Marcus Institute for Aging Research, Hebrew Senior Life, Boston, MA, USA.
Division of Geriatrics, Department of Internal Medicine, Asan Medical Center, University of Ulsan College of Medicine, Seoul, Republic of Korea.
Age Ageing. 2021 Nov 10;50(6):2157-2166. doi: 10.1093/ageing/afab149.
Multicomponent interventions improve physical function and frailty in older adults, but their long-term benefit remains uncertain.
This prospective non-randomised study was conducted in 383 older Koreans (mean age, 76.8 years; female 72.3%) who were living alone or receiving medical aid. Of these, 187 individuals chose to receive a 24-week intervention that consisted of group exercise, nutritional supplements, depression management, deprescribing and home hazard reduction. The remaining 196 individuals received usual care. We compared the short physical performance battery (SPPB) score (0-12 points), frailty phenotype scale (0-5 points) and deficit-accumulation frailty index (0-1) at baseline, 6, 18 and 30 months.
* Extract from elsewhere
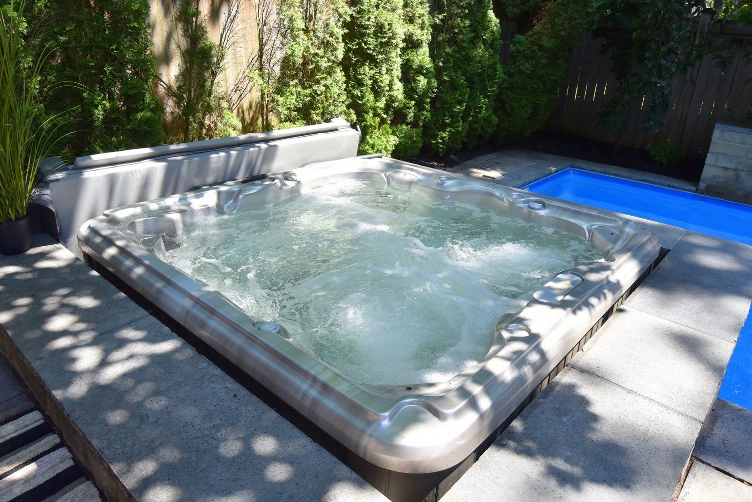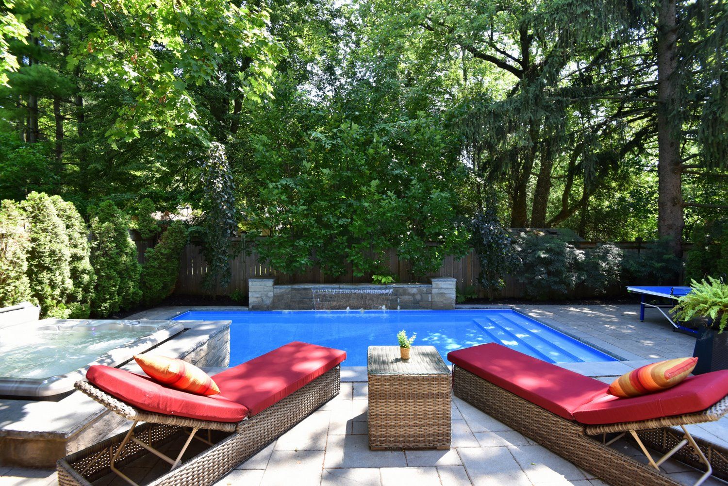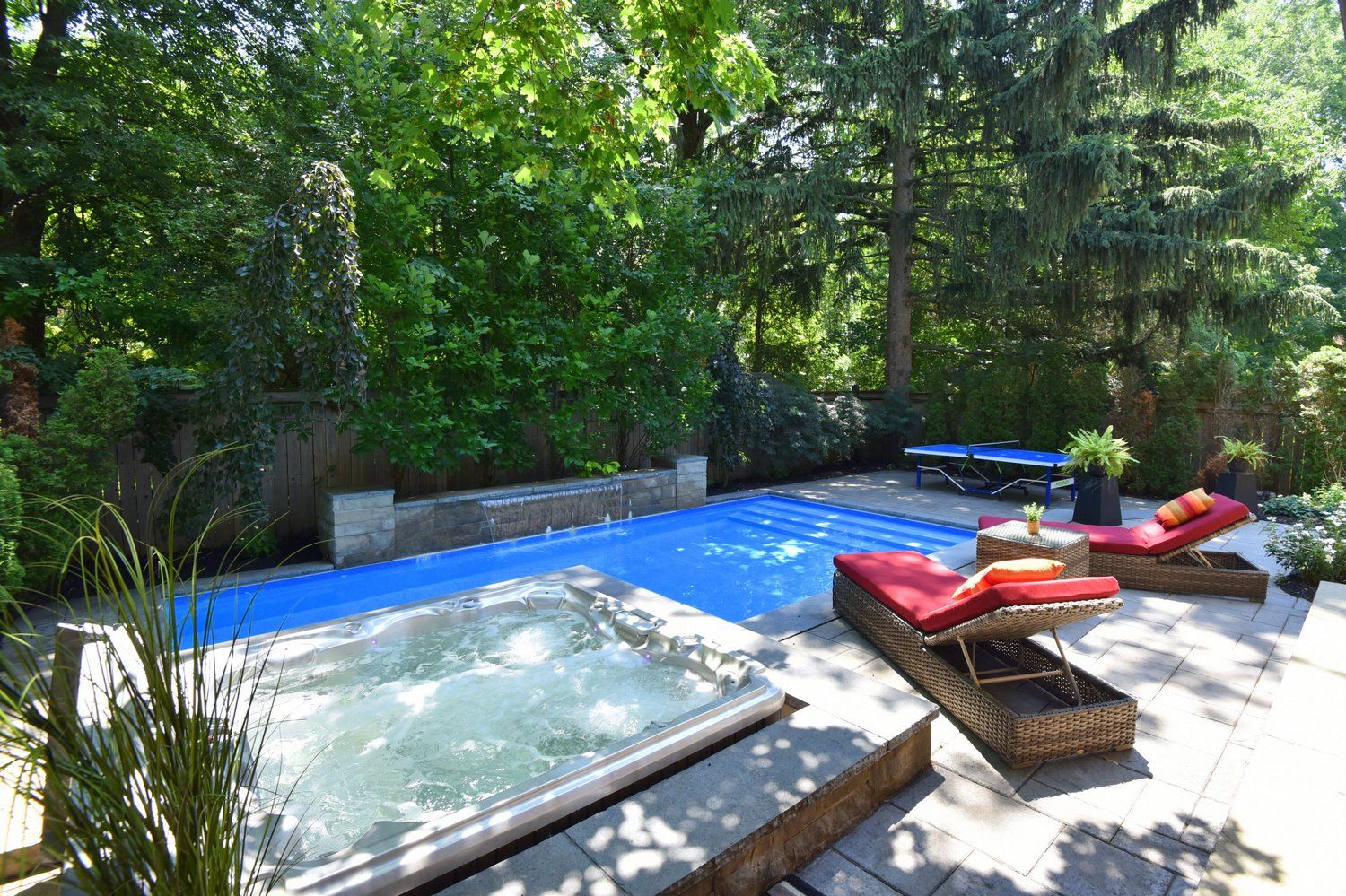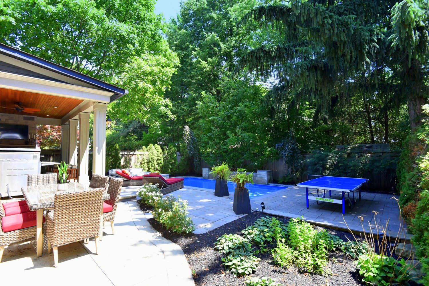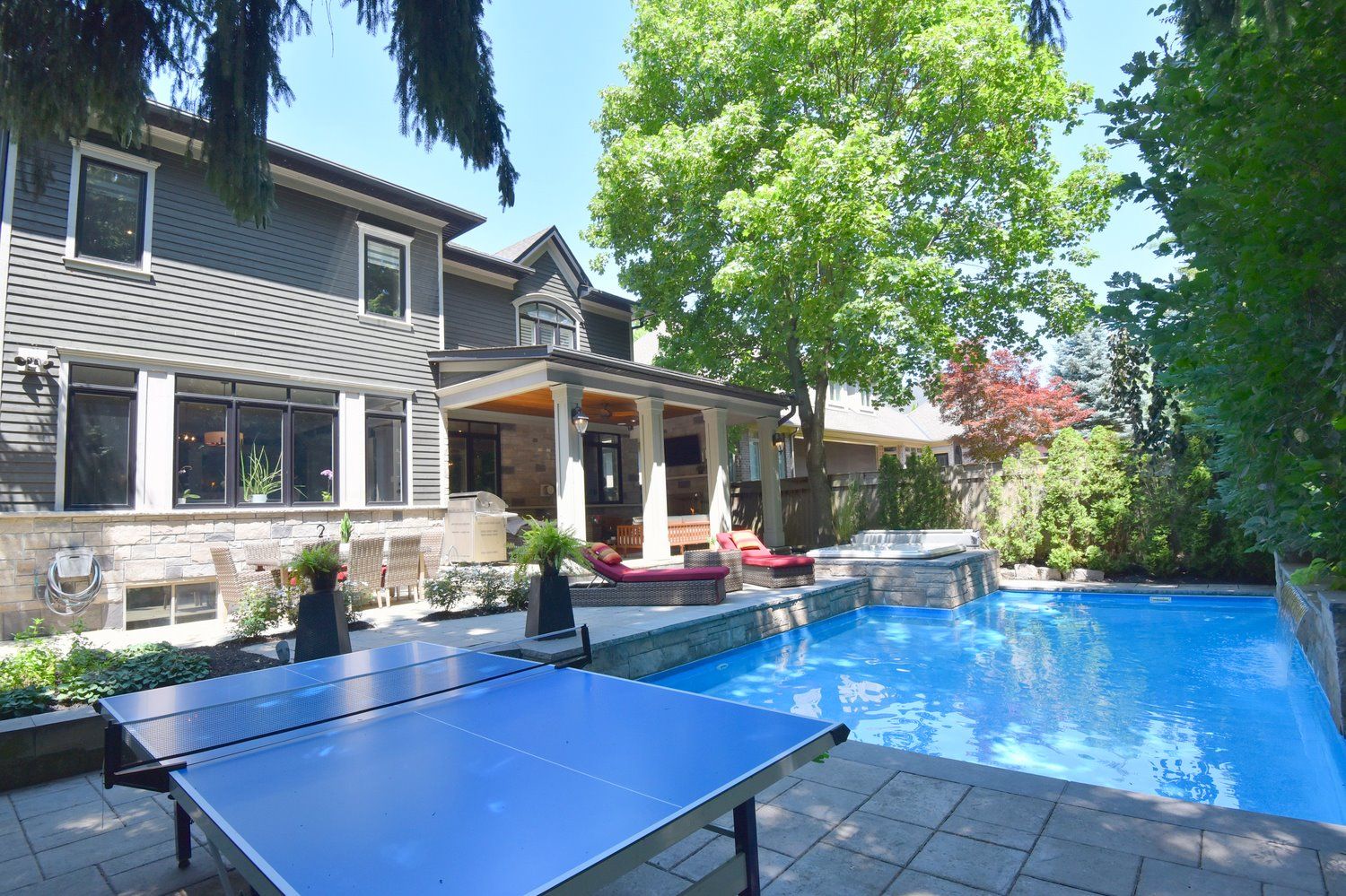 • Maintenance-free backyard with a heated saltwater pool and covered terrace.
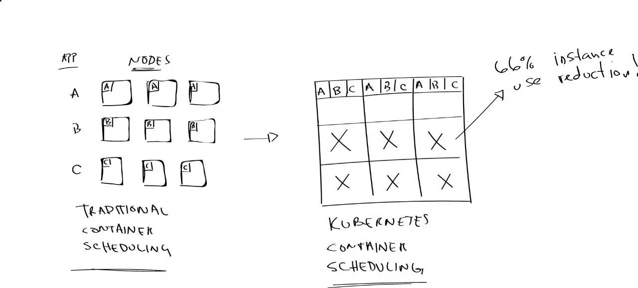 Kubernetes 出现之前,运行容器的普遍方式是,把应用容器丢到一个实例上,并且满怀希望地建立一个监控系统,当容器退出时自动重启。这个模型的问题是,你在该实例上的应用,可能只使用了 10% 的可用 CPU。你完全浪费了 90% 的可用 CPU。而 Kubernetes 会把那些互不相连的实例整合成一个计算资源池,多个应用可以被调度到一个物理实例上。它就像“取一大堆木块(容器或任务)——各种形状和大小的木块——并找到一种方法把所有这些木块压缩到木桶里(服务器)”(1)。如果你可以非常仔细得安排这些块(任务),那么你将使用更少的桶(服务器)。

After 1:1 propensity score matching (n = 117 per group), the mean SPPB scores for the intervention and comparison groups were 7.6 versus 7.6 at baseline, 10.7 versus 7.1 at 6 months (mean difference, 3.5; 95% confidence interval [CI], 2.8-4.2), 9.1 versus 7.8 at 18 months (1.3; 95% CI, 0.6-2.0) and 8.6 versus 7.5 at 30 months (1.1; 95% CI, 0.4-1.8). The intervention group had lower frailty phenotype scale (1.1 versus 1.8; difference, -0.7; 95% CI -1.0 to -0.3) and frailty index (0.22 versus 0.27; difference, -0.04; -0.06 to -0.02) at 6 months, but similar scores at 18 and 30 months. The 30-month mean institutionalisation-free survival time was 28.5 months in the intervention group versus 23.3 months in the comparison group (difference, 5.2 months; 95% CI, 3.1-7.4).
The 24-week multicomponent intervention showed sustained improvement in physical function, temporary reduction in frailty and longer institutionalisation-free survival over 30 months.
多组分干预措施可改善老年人的身体功能和虚弱状况,但长期效果仍不确定。
本前瞻性非随机研究纳入 383 名独居或接受医疗救助的韩国老年人(平均年龄 76.8 岁;女性占 72.3%)。其中 187 人选择接受为期 24 周的干预,包括小组运动、营养补充、抑郁管理、撤药和家庭危险减少。其余 196 人接受常规护理。我们比较了基线、6、18 和 30 个月时的短体表现电池(SPPB)评分(0-12 分)、虚弱表型量表(0-5 分)和缺陷累积虚弱指数(0-1)。
经过 1:1 倾向评分匹配(每组 n=117),干预组和对照组的 SPPB 评分分别为:基线时 7.6 分比 7.6 分,6 个月时 10.7 分比 7.1 分(平均差异 3.5;95%置信区间 [CI],2.8-4.2),18 个月时 9.1 分比 7.8 分(1.3;95% CI,0.6-2.0),30 个月时 8.6 分比 7.5 分(1.1;95% CI,0.4-1.8)。干预组在 6 个月时的虚弱表型量表(1.1 比 1.8;差值,-0.7;95%CI -1.0 至 -0.3)和虚弱指数(0.22 比 0.27;差值,-0.04;-0.06 至 -0.02)较低,但在 18 和 30 个月时的评分相似。干预组 30 个月的无机构化生存时间的平均为 28.5 个月,对照组为 23.3 个月(差值,5.2 个月;95%CI,3.1-7.4)。
24 周多组分干预措施可在 30 个月内持续改善身体功能,暂时减轻虚弱程度,并延长无机构化生存时间。